Of course, it is all too easy to dismiss such concerns as absurd or of a kind with the cruel discrimination and ridicule that has been shown toward people attracted to members of their own sex. But the truth concealed in these concerns goes to the heart of our system of limited, consent-based government: those seeking sweeping change must render reasons justifying the change and articulate the principles that they claim will limit this newly fashioned right.

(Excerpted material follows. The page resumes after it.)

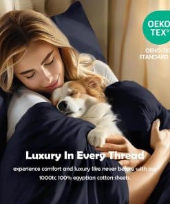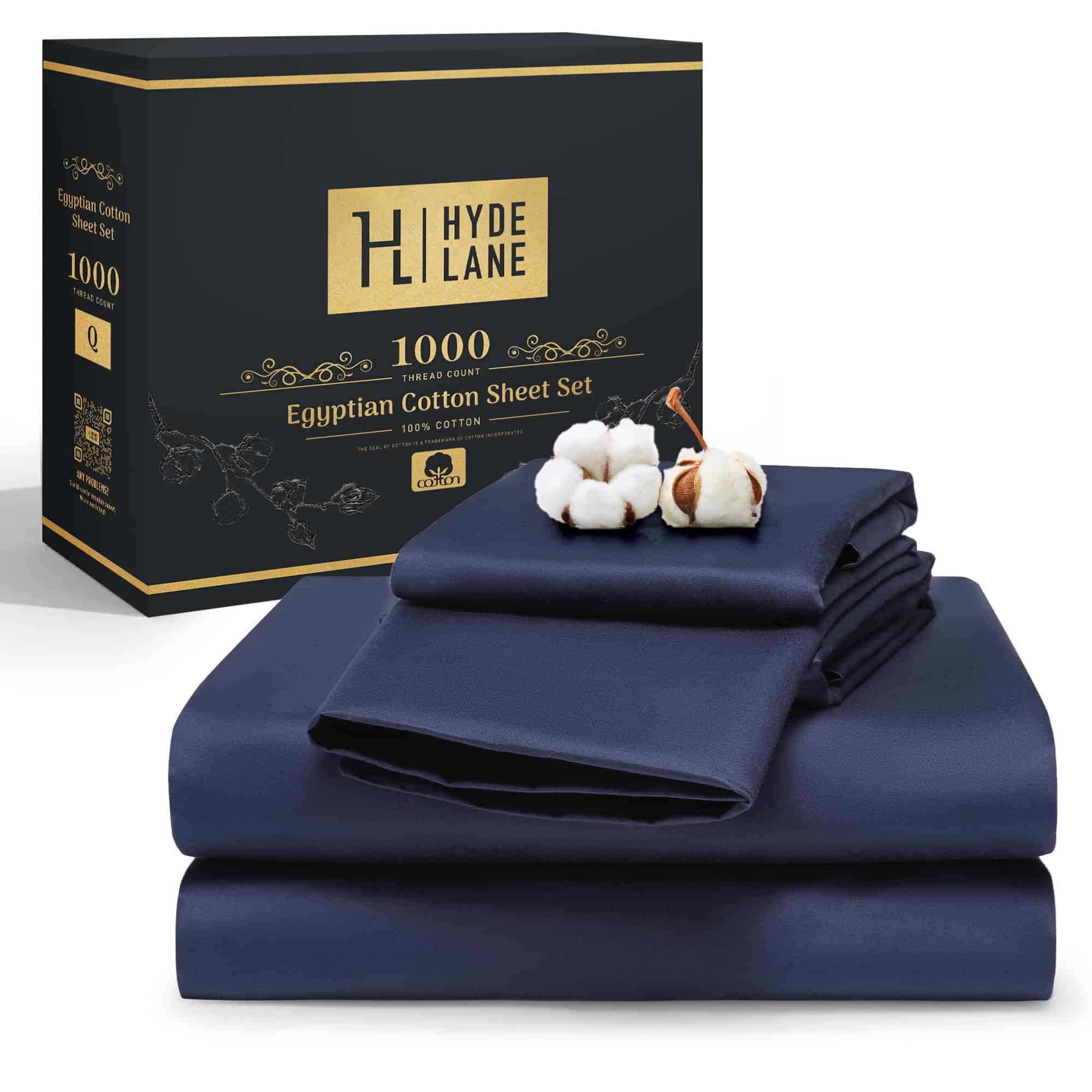 Hyde Lane se especializa en ropa de cama de alta gama y comodidad para dormir. Fabricado en algodón egipcio 100%, este juego de sábanas posee una densidad de 1000 hilos por pulgada cuadrada, utilizando un delicado tejido de satén. La sábana bajera tiene un bolsillo de 18 pulgadas de profundidad, adecuado para colchones de hasta 18 pulgadas de grosor. Incluye una sábana ajustable, una sábana plana y dos fundas de almohada. Además, cuenta con certificación OEKO-TEX estándar 100 para tu tranquilidad en cuanto a la salud. Lavado fácil, en agua fría o tibia, secado a baja temperatura y sin luz solar directa.

For now, one basic principle remains: the people, acting through their elected representatives, may legitimately regulate marriage by law. This principle
is impeded, not advanced, by court decrees based on the proposition that the public cannot have the requisite repose to discuss certain issues. It is demeaning to the democratic process to presume that the voters are not capable of deciding an issue of this sensitivity on decent and rational grounds . . . Freedom embraces the right, indeed the duty, to engage in a rational, civic discourse in order to determine how best to form a consensus to shape the destiny of the Nation and its people.
Schuette v. Coalition to Defend Affirmative Action, . . . (2014)(Op. of Kennedy, J.).
For the foregoing reasons, we hereby GRANT the defendants’ motion to dismiss. The plaintiffs’ federal law claims are DISMISSED WITH PREJUDICE.
IT IS SO ORDERED.
San Juan, Puerto Rico, this 21st day of October, 2014.